Where the evidence allows, different doses in factors may be specified for females. A distinction between doses for males and females is often difficult to quantify due to lack of studies which specifically measure exposures in females. The RMA has been able to make a lower dose for alcohol consumption in relation to a number of SOPs. It has also been recognised that measures of overweight and obesity are different in males and females. However evidence concerning different quantities of load bearing in females compared to males in relation to musculoskeletal conditions is currently not sufficient in quality and quantity to enable different minimum loads to be prescribed by gender.

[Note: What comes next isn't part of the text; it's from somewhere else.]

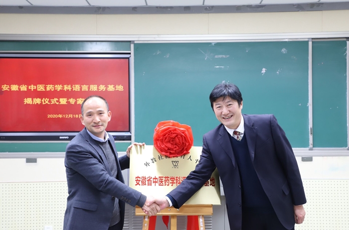 安徽省医学英语学术讲坛(第一期)暨安徽省中医药学科语言服务基地成立仪式于12月18日在我校举行。经过一年多的酝酿、调研、论证,安徽省中医药学科语言服务基地正式成立。该基地作为外教社协同育人平台,由安徽中医药大学和上海外语教育出版社合作共建,由省属医学类院校专家共同参与,是安徽省医学英语年会结出的重要成果,基地将以“服务好中医药学科的外语教育”为发展定位和目标。

You can read in more detail about these issues in the 'Risk factors and SOPs concerning female veterans' (PDF 57KB) (Word 51KB) document.
OH&S rules and standards are based upon what is known as the ‘precautionary principle’, and are usually set at a level regarded as sufficiently safe that no worker, even exposed day after day for a working lifetime, would suffer an adverse health effect, even of a temporary nature. They identify the highest dose that has not caused the most sensitive effect, and then build in safety factors of at least 10. The safety factor allows for such things as interspecies extrapolation, human variability in responses, variations in study durations, elimination half lives and absorption efficiency by different routes of exposure. The rules and standards are designed to protect workers from any adverse health effects and not necessarily a specific injury or disease.
When the RMA is considering what the minimum ‘dose’ level required to connect the injury or disease with a person’s military service, it identifies the published medical-scientific studies relating to the particular injury or disease and then specifies dose levels at the lowest level at which studies have shown exposed subjects developing the injury or disease. In most cases this will be at much higher levels than the OH&S standard.